Ziyang Lou, Youcai Zhao
The State Key Laboratory of Pollution Control and Resource Reuse, School of Environmental Science and Engineering, Tongji University, Shanghai 200092, China.
J Hazard Mater. 2007 Aug 17;147(1-2):257-64. doi: 10.1016/j.jhazmat.2006.12.084. Epub 2007 Jan 13.
Fresh leachate and effluents samples were collected from the holding tank, anaerobic, anoxic, and aerobic lagoons at Shanghai Laogang Refuse Landfill, the largest landfill in China with a placement scale of 9000 t refuse per day. To characterize the difference in leachate along the treatment processes, especially the information about size distribution of colloids in those leachate, the organic matters were size-fractioned into suspended particles (SP, >1.2 microm), coarse colloids (CC, 1.2-0.45 microm), fine colloids (FC, 0.45 microm to 1 kDa MW, 1 Da=1/16 O atomic mass unit), and dissolved organic matters (DM, <1 kDa MW) using micro-filtration and ultra-filtration membranes in order. The parameters, such as COD (chemical oxygen demand), TOC (total organic carbon), TS (total solid), pH, TP (total phosphate), TN (total nitrogen), FS (fixed solid), NH4+, IC (inorganic carbon), TC (total carbon), color, turbidity and conductivity in the filtrates resulting from sequential filtration of leachate, were then determined, and quantitative relationships between these parameters and the membrane molecular sizes used were established. Typically, the total removal of COD, NH4+, conductivity and P were found to be 75%, 75%, 42% and 85%, respectively, after the biological treatment processes used at Laogang Refuse Landfill. Dissolved fractions were predominant in fresh leachate and in effluents from treatment processes in terms of TOC with a content of over 47%. The molecular weight (MW) percentage distribution in leachate varied as the leachate was treated in the biological treatment stages. The percentages of TOC of fine colloid fractions increased from 6% to 38% while those of dissolved fractions decreased from 78% to 47%. TN in leachate also predominated in the dissolved fraction, occupying over 58%, while those TP in leachate were combined with the SS and CC fractions. The ratios of ortho-phosphate/TP and NH4+/TN in leachate and effluents were over 50% and 80%, respectively.
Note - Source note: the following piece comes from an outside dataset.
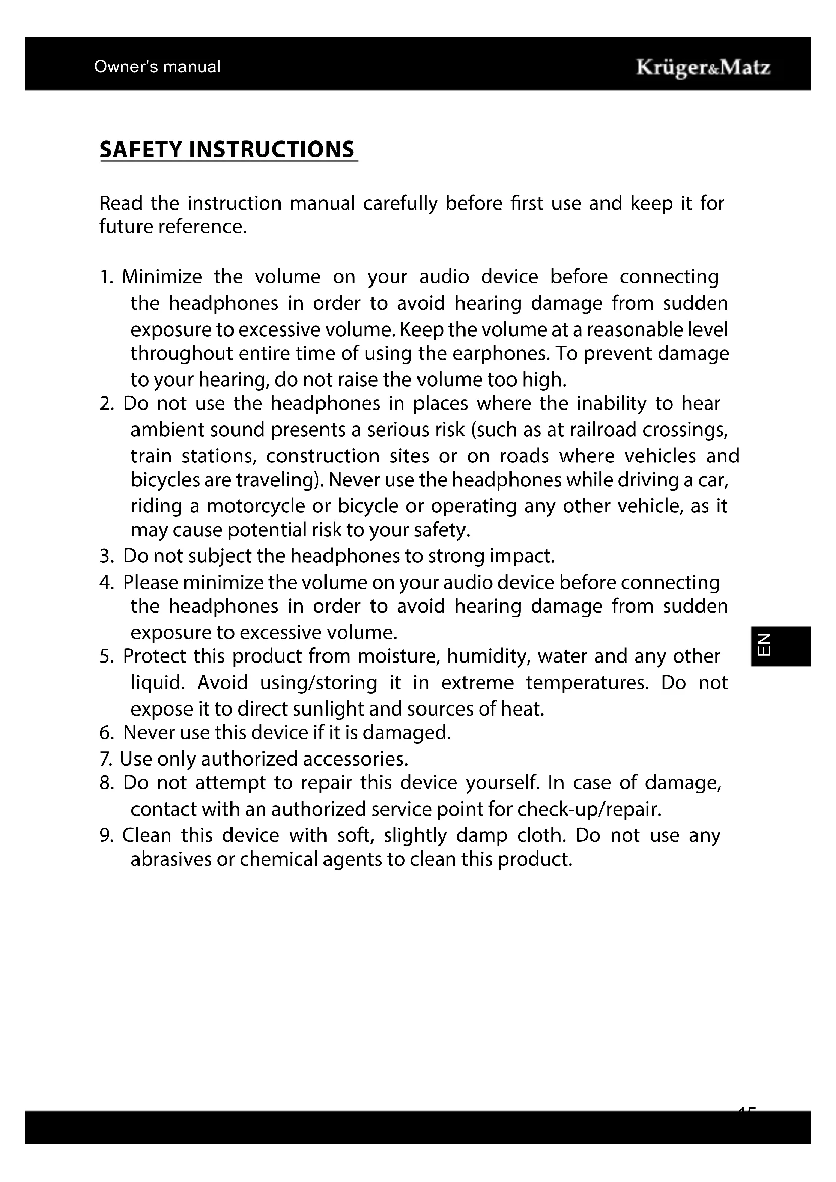 Download the instructions for your Earphones in PDF format for free! Find your manual KM0650G - Krüger&Matz and take your electronic device back in hand. On this page are published all the documents necessary for the use of your device. KM0650G by Krüger&Matz.

新鲜渗滤液和出水样本取自上海老港垃圾填埋场的储存池、厌氧池、缺氧池和好氧池。上海老港垃圾填埋场是中国最大的垃圾填埋场,日垃圾处理规模为9000吨。为了表征渗滤液在处理过程中的差异,特别是这些渗滤液中胶体粒径分布的信息,通过依次使用微滤膜和超滤膜,将有机物按粒径分为悬浮颗粒(SP,>1.2微米)、粗胶体(CC,1.2 - 0.45微米)、细胶体(FC,0.45微米至1 kDa分子量,1 Da = 1/16氧原子质量单位)和溶解有机物(DM,<1 kDa分子量)。然后测定渗滤液依次过滤后滤液中的参数,如化学需氧量(COD)、总有机碳(TOC)、总固体(TS)、pH值、总磷(TP)、总氮(TN)、固定固体(FS)、铵离子(NH4+)、无机碳(IC)、总碳(TC)、颜色、浊度和电导率,并建立这些参数与所用膜分子尺寸之间的定量关系。通常,在老港垃圾填埋场采用的生物处理工艺后,COD、NH4+、电导率和磷的总去除率分别为75%、75%、42%和85%。就TOC而言,溶解部分在新鲜渗滤液和处理工艺出水中占主导地位,含量超过47%。随着渗滤液在生物处理阶段进行处理,渗滤液中分子量(MW)百分比分布发生变化。细胶体部分的TOC百分比从6%增加到38%,而溶解部分的TOC百分比从78%下降到47%。渗滤液中的TN也主要存在于溶解部分,占比超过58%,而渗滤液中的TP则与SS和CC部分结合。渗滤液和出水中的正磷酸盐/TP和NH4+/TN的比例分别超过50%和80%。